- Problem requirements
When you copy the material below, keep every line exact and leave each picture out.
++++++
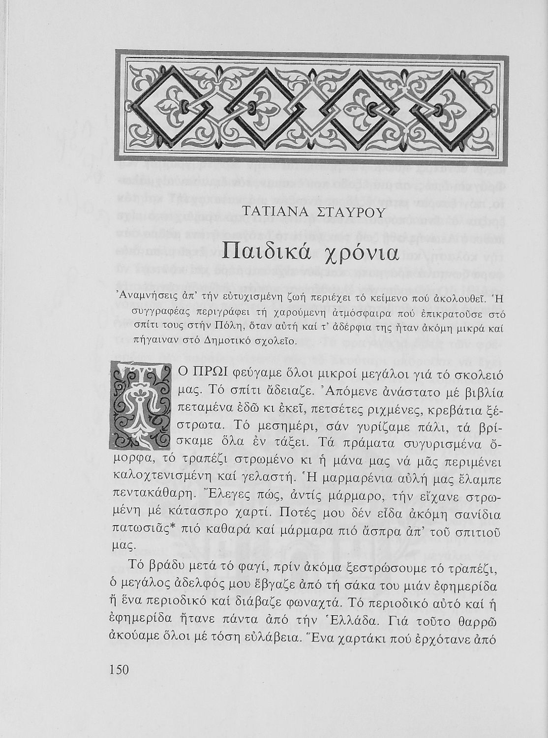 Αναγνωστικό για τους μαθητές της Γ' και Δ΄ Δημοτικού που περιλαμβάνει με πεζά και ποιήματα της νέας ελληνικής λογοτεχνίας εμπνευσμένα από την καθημερινότητα των παιδιών και των οικογενειών τους, την ελληνική ...
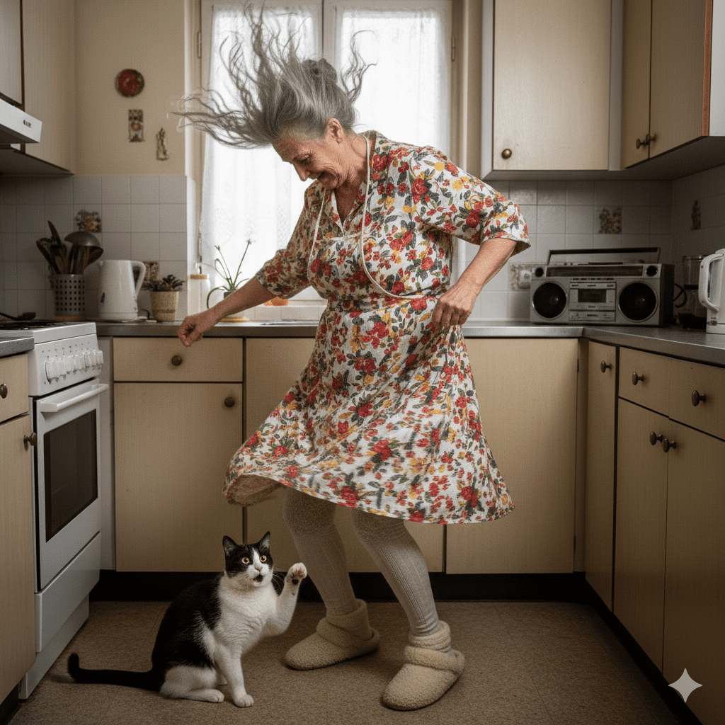 Also krame ich meine alten Lieblingssongs raus, längst digitalisiert, damit die Stereoanlage nicht beleidigt ist. Dann marschiere ich aufs Tanzparkett in der Küche.
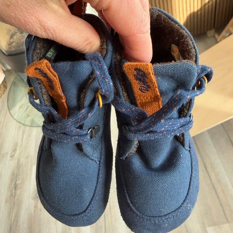 Nye Primigi Barfotsko i strl 22, da minsten hoppen over denne strl. Kun prøvd én gang utenfor døra og fremstår som nye. De er kjempegode vårsko som vi er veldig fornøyde med (har også størrelsen større 😄).
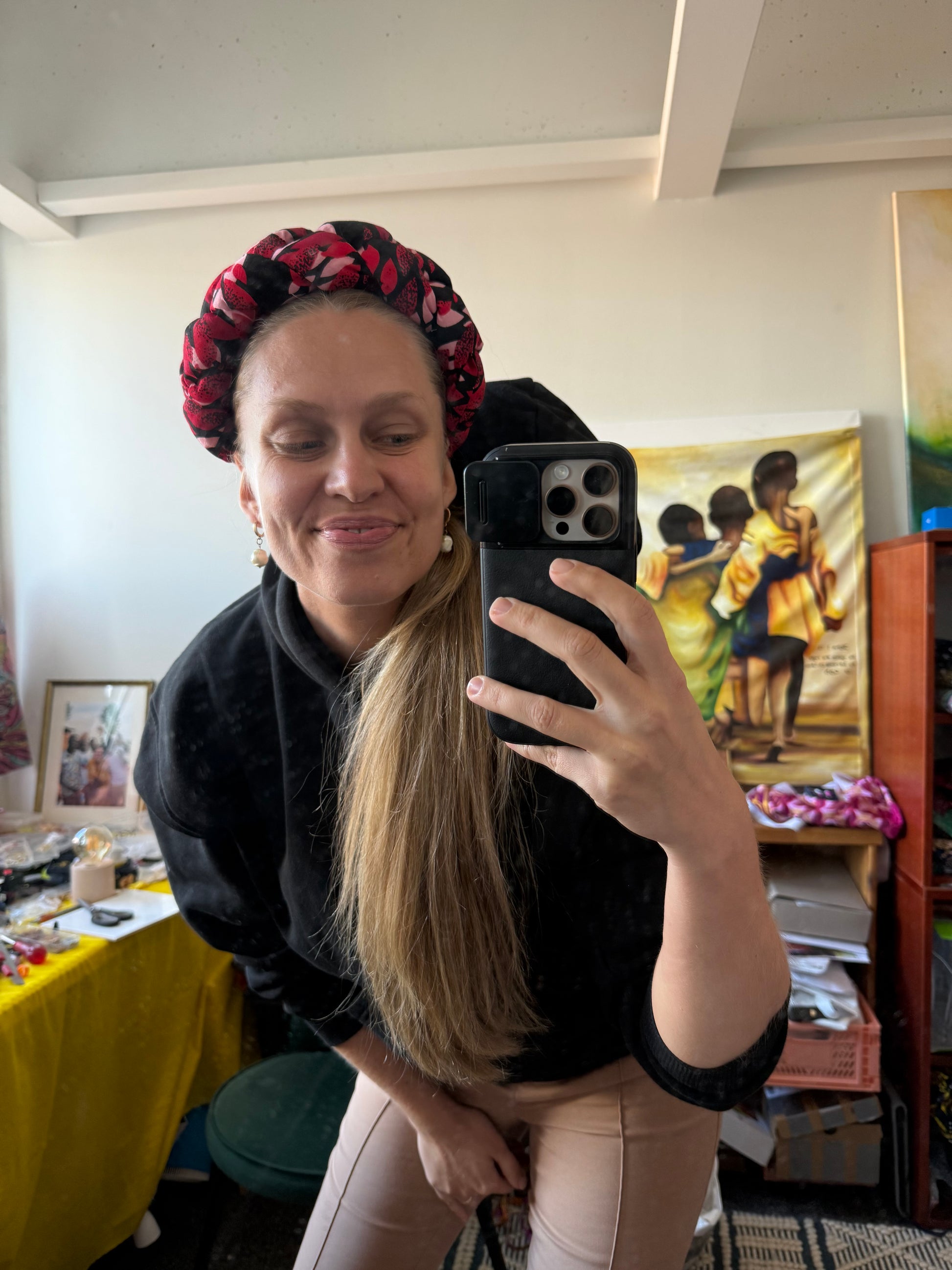 These unique headbands (colors Lucy and Jackie) are made of kitenge, an African cotton imported from Uganda. The fabric used for the headbands is leftover pieces from Shop's clothes. The white braided headband is made of satin.
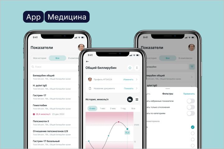 – Дашборд с последними анализами, рекламные баннерами от клиник, списком задач, уведомления
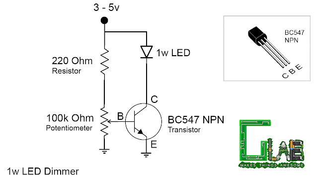 আমার এক বন্ধু আমাকে এলইডি এর ব্রাইটনেস কন্ট্রোলার তৈরি করতে বলেছিলো। তার টেবিল ল্যাম্পের ব্রাইটনেস কন্ট্রোল করার জন্য। সে ৫৫৫ আইসি দিয়ে পিডব্লিউএম বা পালস ওয়াইডথ মডুলেটর সার্কিট তৈরির চেষ্টা করেছিলো, কিন্তু সামান্য কাজের জন্য একটা কমপ্লেক্স সার্কিট সে তৈরি করতে চাচ্ছিলো না। আমি তাকে ভলিউম (পটেনশিওমিটার) এবং ট্রান্সজিস্টার ব্যবহার করে কাজটা করতে বলেছিলাম।
++++++
- Expected answer
 Αναγνωστικό για τους μαθητές της Γ' και Δ΄ Δημοτικού που περιλαμβάνει με πεζά και ποιήματα της νέας ελληνικής λογοτεχνίας εμπνευσμένα από την καθημερινότητα των παιδιών και των οικογενειών τους, την ελληνική ...
 Also krame ich meine alten Lieblingssongs raus, längst digitalisiert, damit die Stereoanlage nicht beleidigt ist. Dann marschiere ich aufs Tanzparkett in der Küche.
 Nye Primigi Barfotsko i strl 22, da minsten hoppen over denne strl. Kun prøvd én gang utenfor døra og fremstår som nye. De er kjempegode vårsko som vi er veldig fornøyde med (har også størrelsen større 😄).
 These unique headbands (colors Lucy and Jackie) are made of kitenge, an African cotton imported from Uganda. The fabric used for the headbands is leftover pieces from Shop's clothes. The white braided headband is made of satin.
 – Дашборд с последними анализами, рекламные баннерами от клиник, списком задач, уведомления
 আমার এক বন্ধু আমাকে এলইডি এর ব্রাইটনেস কন্ট্রোলার তৈরি করতে বলেছিলো। তার টেবিল ল্যাম্পের ব্রাইটনেস কন্ট্রোল করার জন্য। সে ৫৫৫ আইসি দিয়ে পিডব্লিউএম বা পালস ওয়াইডথ মডুলেটর সার্কিট তৈরির চেষ্টা করেছিলো, কিন্তু সামান্য কাজের জন্য একটা কমপ্লেক্স সার্কিট সে তৈরি করতে চাচ্ছিলো না। আমি তাকে ভলিউম (পটেনশিওমিটার) এবং ট্রান্সজিস্টার ব্যবহার করে কাজটা করতে বলেছিলাম।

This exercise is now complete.